It’s essential to start planning for retirement as early as possible. Having a secure and comfortable retirement is something most look forward to, and many steps need to be taken to make that happen. Many people are intimidated when planning for their golden years, but it doesn’t have to be difficult when you use some of the following key retirement planning steps.
1. Determine Retirement Goals
Before you start planning, sit down and think about what you want to achieve and what you’re looking for in retirement. This will help you visualize what your goals are and what you’re looking for in terms of living comfortably in retirement.
Many don’t know whether to open an IRA investment portfolio or a 401k. According to the experts at SoFi in the content “Choosing between a 401k and an IRA is dependent on your needs for retirement and current situation. Many people actually choose to use both types of retirement accounts in their lifetime.”
2. Take a Long Look at Your Current Financial Situation
Before you start planning, it’s important to take a look at your current financial situation. Being realistic will help give you a clear idea of what you can expect to spend during retirement. There are a few questions that every person should ask themselves before they start planning. It’s important to ask yourself a few questions: What kind of debts do I currently have? Am I managing my expenses easily? Am I saving and investing appropriately?
3. Calculate Retirement Wants and Needs
Once you have rightly figured out what you want your retirement to look like and how your current financial situation looks, you can then calculate your retirement costs. This will help you see if you’re on track to meet those goals.
4. Review Assets and Income Sources
If you have identified the types of sources of income that will allow you to fund your retirement, then it’s time to start planning how you will contribute to that retirement. This can include traditional retirement, savings and home equity accounts.
5. Have a Plan for Unexpected Events
It’s important to establish a contingency fund to ensure that you won’t run out of money during unforeseen events. Having this type of fund can help ensure that your retirement funds are protected from unexpected expenses.
6. Determine Your Time Left for Saving
The length of time between today and retirement is also an important factor to consider when it comes to developing a retirement strategy. If you’re younger and have more than 30 years until retirement, invest most of your assets in stocks.

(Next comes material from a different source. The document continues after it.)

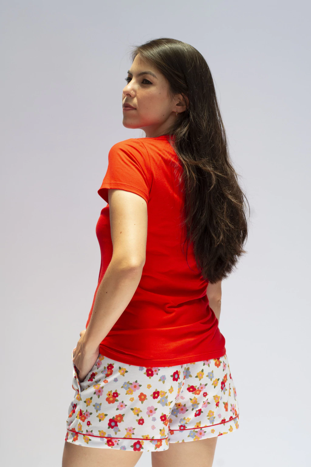 A camiseta é composta por uma modelagem básica e simples, porém com um toque fashion na estampa da palavra "bonjour" que traz as mesmas cores e padronagem do shorts. Essa peça é fabricada em malha 100% algodão penteado, oferecendo uma sensação suave e respirável, ideal para noites quentes.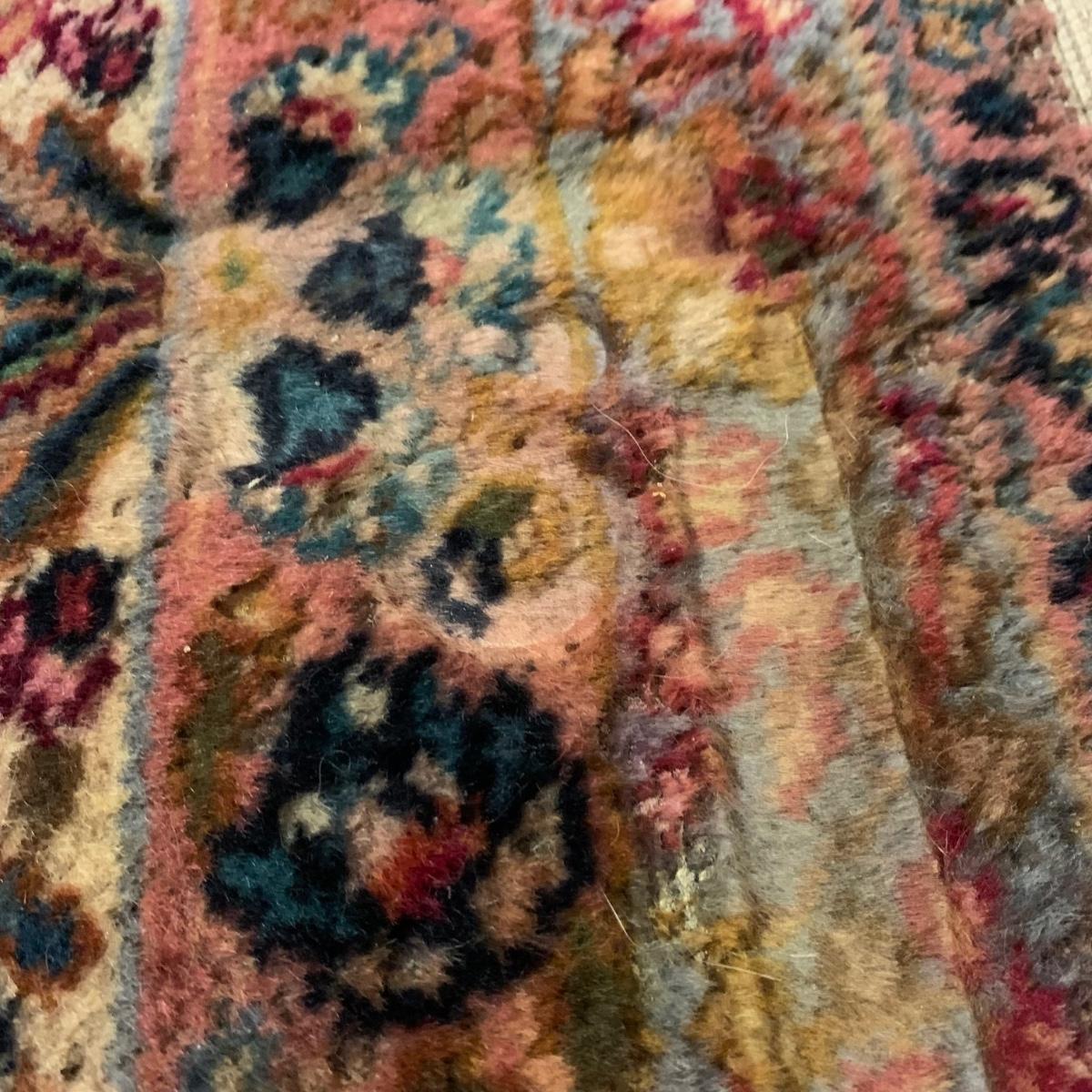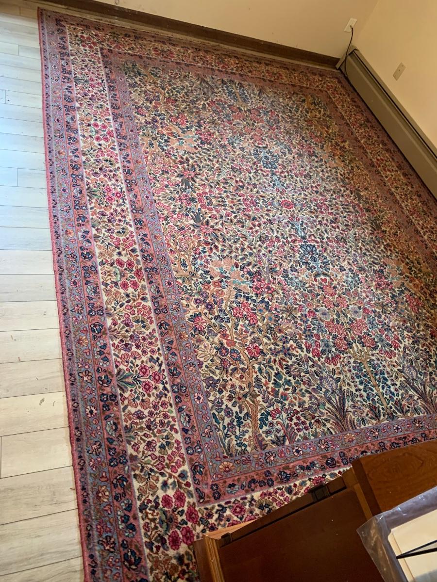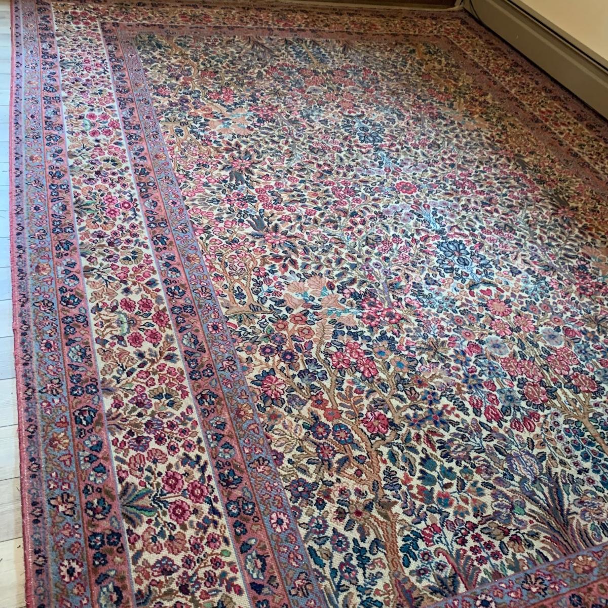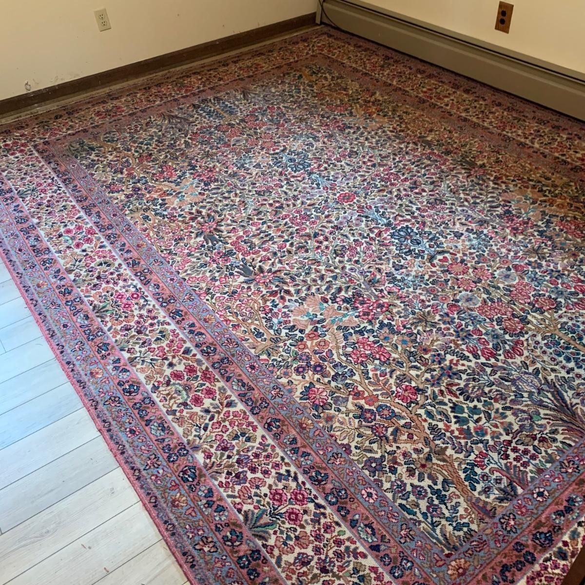 Two gorgeous matching area rugs featuring a floral design full of pinks and blues. One is 9’ x 12’ and the smaller one is 2’2” x 4’. Tags state they are Lanamar by Karastan in their Kirman design and that they are woven of fine imported wool. On the 9’ x 12’ there are some indentations from where furniture has sat on top and the rug will need to be cleaned. On both there are some slight condition issues with the binding and the fringe; see photos. Rug pad is included with the 9’ x 12’ rug.

7. Calculate After-Tax Investment Return Rates
The real rate of return, which is the amount of money that you’ll need to invest to retire comfortably, is also calculated once the time horizons and expenses are established. Usually, a high real rate of return is not realistic for long-term investing. Since, as an investor, you’re required to pay taxes on the returns that you receive from your retirement accounts, you must know your tax status when you start taking withdrawals.
Planning for your retirement doesn’t have to stress you out. To plan successfully, it is important to start early and look into the investment options available to you.